UI Response System — Architecture¶
This content was migrated from
Documentation/UI_NODE_SYSTEM.mdand restructured into audience sections. Review for accuracy against the current codebase.
Context and Purpose¶
The UI Response System was refactored from a single monolithic user_interface_node into a set of specialized response nodes. The original node handled all response variants (simple, complex, voice, HITL, disambiguation) in one function, making it difficult to maintain and test.
The driving requirements behind the current architecture are:
- Separation of concerns — Each response variant has its own node with a focused responsibility, making changes to one variant independent of others
- Fragment-based prompts — Prompt content lives in editable markdown files, not Python strings, allowing non-developers to tune Swisper's voice
- Streaming-first — Responses stream word-by-word to minimize perceived latency, with card placeholder replacement handled during the stream
- Content authority — An explicit authority chain prevents the LLM from hallucinating when agent results are available
Architecture Overview¶
The UI Response System consists of six specialized nodes, a shared context extractor, a prompt assembly pipeline, and a streaming layer.
flowchart TB
subgraph Input["From Global Supervisor"]
STATE[GlobalSupervisorState]
end
subgraph Router["UI Router (routing.py)"]

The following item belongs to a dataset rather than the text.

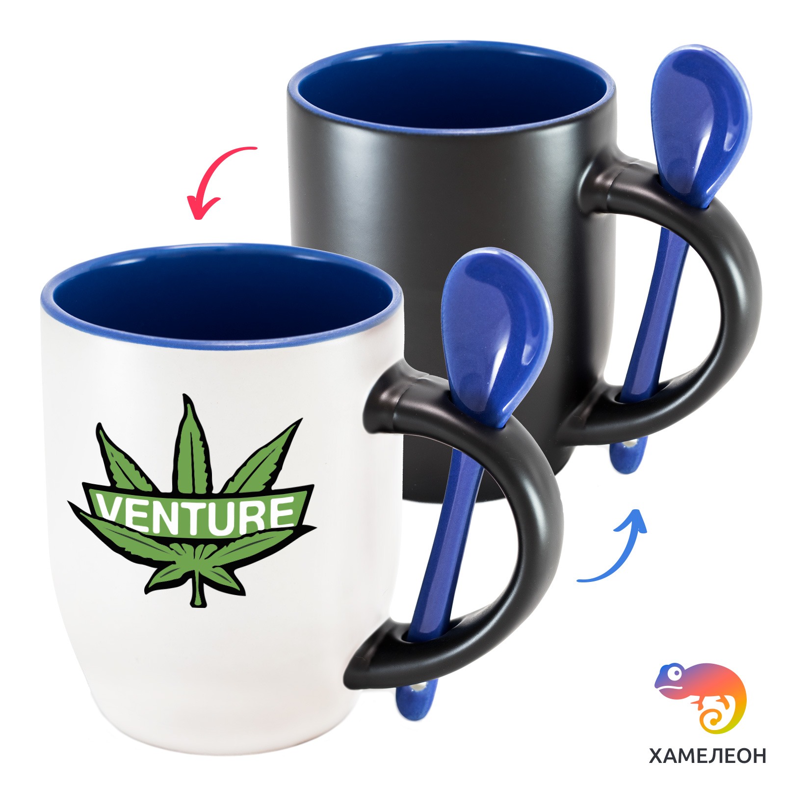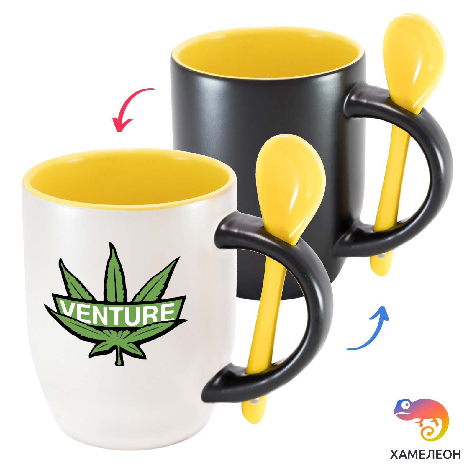 Кружка с принтом является отличным подарком коллеге, другу или самому себе ?Оригинальная кружка хамелеон Venture с ложкой приукрасит ваши будни или станет отличным подарком. Кружка изготовлена из высококачественной керамики, а специальный термопегментный слой позволяет ей менять цвет, в зависимости от температуры. Изначально кружка имеет черную заливку, которая становится белой, когда вы наливаете кипяток. Термопегменты становятся прозрачными, начиная с 50°C. Под черным пегментным слоем скрываются необычные рисунки, которые удивят многих.

STATE --> UR{Response Type?}
end
subgraph Nodes["Specialized Response Nodes"]
UR -->|simple chat| ST[Simple Text Node]
UR -->|complex chat| CT[Complex Text Node]
UR -->|HITL question| HT[HITL Text Node]
UR -->|non-blocking disambig| DST[Disambiguation Simple]
UR -->|blocking disambig| DCT[Disambiguation Complex]
UR -->|BTW resolved| DA[Disambiguation Ack]
end
subgraph Shared["Shared Infrastructure"]
SC[Shared Context Extractor]
PA[Prompt Assembly]
RS[Response Streaming]
end
ST --> SC
CT --> SC
DST --> SC
DCT --> SC
SC --> PA
PA --> LLM[LLM Call]
LLM --> RS
HT -->|no LLM| RS
DA -->|no LLM| RS
RS --> EVT[SupervisorResponseChunkEvent]
EVT --> FE[Frontend / Voice]
Flow summary: The UI Router selects a specialized node based on conversation context. Most nodes extract shared context, assemble a prompt from markdown fragments, call the LLM with streaming, and publish response chunks via the event bus. HITL and Acknowledgment nodes bypass the LLM entirely.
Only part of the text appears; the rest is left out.